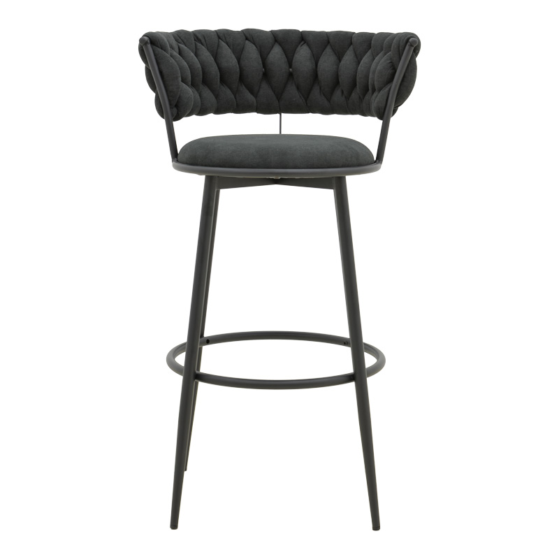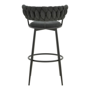 Αναβαθμίστε τον χώρο σας με το σκαμπό μπαρ Alkia, έναν συνδυασμό κομψότητας και άνεσης. Η χαρακτηριστική πλέξη στο πίσω μέρος προσθέτει μια ενδιαφέρουσα και οπτική γοητεία, ενώ το άνετο κάθισμα υπόσχεται ευχάριστες στιγμές χαλάρωσης. Στηριγμένο σε λεπτά, αλλά σταθερά μεταλλικά πόδια σε μαύρο ματ φινίρισμα, το σκαμπό μπαρ Alkia διαθέτει επίσης ένα πρακτικό στήριγμα ποδιών για επιπλέον άνεση.
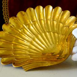 Стара фруктиера, бонбониера, купа, съд за сервиране, съд за сервиране на стриди, ръчно отлят от свръх масивен бронз, дебело позлатен с 24 карата злато. Има ефектен релефен бароков дизайн - перлена мида, вдъхновен от картината на Ботичели „Раждането на Венера”. Вечен съд с блясък на златно огледало, идеален за ползване, декорация и подарък. Инвестиция в красота и радост. Височина 2.5 см., дължина 19 см., ширина 16 см. Тегло 500 гр.
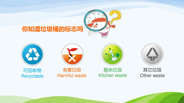 如今中古哦生活垃圾一般可分為四大類:可回收垃圾、廚余垃圾、有害垃圾和其他垃圾。目前常用的垃圾處理方法主要由:綜合利用、衛(wèi)生填埋、焚燒發(fā)電、堆肥、資源返還。廢紙是我們學(xué)習(xí)容易產(chǎn)生的垃圾,她的回收利用價值很高:回收利用1噸廢紙可以再造出0.8噸好紙,可以挽救17棵大樹,節(jié)省3立方米的垃圾填埋廠空間,降低造紙75%的污染排放,而每張紙最少可以回收兩次!以下最新垃圾分類ppt模板由分類垃圾桶網(wǎng)收集整理。
————————
**Task brief:**
Lines from the one that contains "Стара фруктиера, бонбониера, купа, съд" to the final line of the material are the whole answer. Reproduce them word for word and skip the pictures.

**Response:**
 Стара фруктиера, бонбониера, купа, съд за сервиране, съд за сервиране на стриди, ръчно отлят от свръх масивен бронз, дебело позлатен с 24 карата злато. Има ефектен релефен бароков дизайн - перлена мида, вдъхновен от картината на Ботичели „Раждането на Венера”. Вечен съд с блясък на златно огледало, идеален за ползване, декорация и подарък. Инвестиция в красота и радост. Височина 2.5 см., дължина 19 см., ширина 16 см. Тегло 500 гр.
 如今中古哦生活垃圾一般可分為四大類:可回收垃圾、廚余垃圾、有害垃圾和其他垃圾。目前常用的垃圾處理方法主要由:綜合利用、衛(wèi)生填埋、焚燒發(fā)電、堆肥、資源返還。廢紙是我們學(xué)習(xí)容易產(chǎn)生的垃圾,她的回收利用價值很高:回收利用1噸廢紙可以再造出0.8噸好紙,可以挽救17棵大樹,節(jié)省3立方米的垃圾填埋廠空間,降低造紙75%的污染排放,而每張紙最少可以回收兩次!以下最新垃圾分類ppt模板由分類垃圾桶網(wǎng)收集整理。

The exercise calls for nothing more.